Nasib Penemu Obat Kanker di Indonesia, Ditelantarkan Usai Juara

Namun pasca meraih prestasi ini, nasib permen jelly anti kanker ciptaannya menjadi tidak menentu.

Pasalnya sokongan dana dan dukungan teknis tidak lagi tersedia untuk meneruskan riset itu sehingga permen jelly anti kanker ciptaannya bisa menjadi produk jadi yang siap diedarkan di masyarakat.

“Inovasi saya masih harus diuji pra klinis pada hewan dan uji klinis pada manusia. Begitu uji dosisnya dan itu semua butuh dana yang tidak sedikit.”

“Apalagi saya sekarang mahasiswa tingkat akhir, jadi sulit dapat dana hibah penelitiannya.” paparnya.

“Bantuan dana hanya ada waktu mau ikut lomba saja, setelah itu tidak ada bantuan, ya begitulah,” keluhnya kepada wartawan ABC Indonesia Iffah Nur Arifah.

Wimmy mengaku sedikit kecewa, namun tidak banyak yang bisa dia lakukan.

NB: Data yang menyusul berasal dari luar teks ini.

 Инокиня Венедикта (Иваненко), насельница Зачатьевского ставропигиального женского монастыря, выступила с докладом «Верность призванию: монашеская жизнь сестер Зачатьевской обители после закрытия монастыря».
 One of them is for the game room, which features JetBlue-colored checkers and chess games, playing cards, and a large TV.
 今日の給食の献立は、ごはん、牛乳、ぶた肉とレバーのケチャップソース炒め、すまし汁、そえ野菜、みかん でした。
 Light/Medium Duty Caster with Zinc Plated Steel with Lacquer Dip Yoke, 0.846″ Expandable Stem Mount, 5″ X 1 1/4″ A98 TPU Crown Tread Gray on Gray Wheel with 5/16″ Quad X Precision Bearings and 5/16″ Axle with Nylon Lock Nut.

Beras analog anti kanker dari umbi Suweg ciptaan Chahyaning Aisyah, Khomsiyah dan Nanik Nor Laila meraih penghargaan The Winner Award (Excellent Award) dalam ajang PCCST International Science Fair di Phatthalung, di Thailand pada Januari 2019.

 

Beras analog anti kanker 

Pengalaman serupa juga dialami tiga siswi Sekolah Menengah Atas dan Unggulan (Hafsawati) Ponpes Zainul Hasan di Probolinggo, Jawa Timur yang mengembangkan beras analog anti kanker.

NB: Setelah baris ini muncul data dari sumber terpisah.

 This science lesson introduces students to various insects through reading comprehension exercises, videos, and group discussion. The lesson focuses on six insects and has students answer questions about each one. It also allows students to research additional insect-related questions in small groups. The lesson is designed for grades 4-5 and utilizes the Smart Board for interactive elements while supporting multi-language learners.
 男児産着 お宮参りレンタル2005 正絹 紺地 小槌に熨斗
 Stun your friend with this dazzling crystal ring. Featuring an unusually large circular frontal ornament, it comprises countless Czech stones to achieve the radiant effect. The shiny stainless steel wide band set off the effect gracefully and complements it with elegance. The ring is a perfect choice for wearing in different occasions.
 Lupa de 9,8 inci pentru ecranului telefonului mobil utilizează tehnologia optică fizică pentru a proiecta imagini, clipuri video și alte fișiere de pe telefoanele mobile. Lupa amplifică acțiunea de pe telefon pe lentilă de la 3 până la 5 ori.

Chahyaning Aisyah, Khomsiyah Laili dan Nanik Nor Laila mengembangkan beras analog dari umbi bernama Suweg (Morphophallus Paeoniifolius) yang dicampur dengan sagu dan daun kelor (moringa).

Berdasarkan hasil penelitian, beras analog ini mampu mencegah penyakit Diabetes Melitus dan Kanker. Sebab, Indeks glikemik (IG) sangat rendah.

“Nilai IG rendah yang terkandung dalam beras analog terjadi karena kandungan serat pangan dan senyawa fenolik yang terkandung di dalam bahan bakunya.”

“Jadi bisa mencegah penyakit Diabetes Melitus dan Kanker,” kata Yenny Rahma, guru pembimbing dalam penelitian ini.

Inovasi mereka sukses meraih medali emas dalam event PCCST International Science Fair di Phatthalung, Thailand pertengahan Januari 2019.

Namun, serupa dengan inovasi permen jelly anti kanker, inovasi ketiga siswi asal Probolinggo ini juga terancam mangkrak karena tidak ada dukungan.

“Kami berharap inovasi ini bisa menjadi produk beras analog yang siap dipasarkan.”

“Tapi untuk sampai disana beras analog ini harus diteliti uji klinis pada hewan dan manusia dulu. Dan kendala yang kami hadapi seputar dana karena itu butuh dana yang cukup banyak.” katanya.

“Selain itu siswi kami yang dua juga sudah kuliah di universitas terpisah dan yang masih bersekolah disini tinggal satu orang.”

“Mereka juga sibuk dengan studi masing-masing, jadi kami kekurangan waktu dan SDM juga.” papar Yenny Rahma, guru pendamping penelitian ini.

Untuk mengupayakan dukungan dana dan sponsor, pihak sekolah kembali mengikutsertakan inovasi ini dalam beberapa event kejuaraan ilmiah, meski sempat meraih medali emas lagi, namun dukungan dana yang diharapkan hingga kini belum juga tersedia.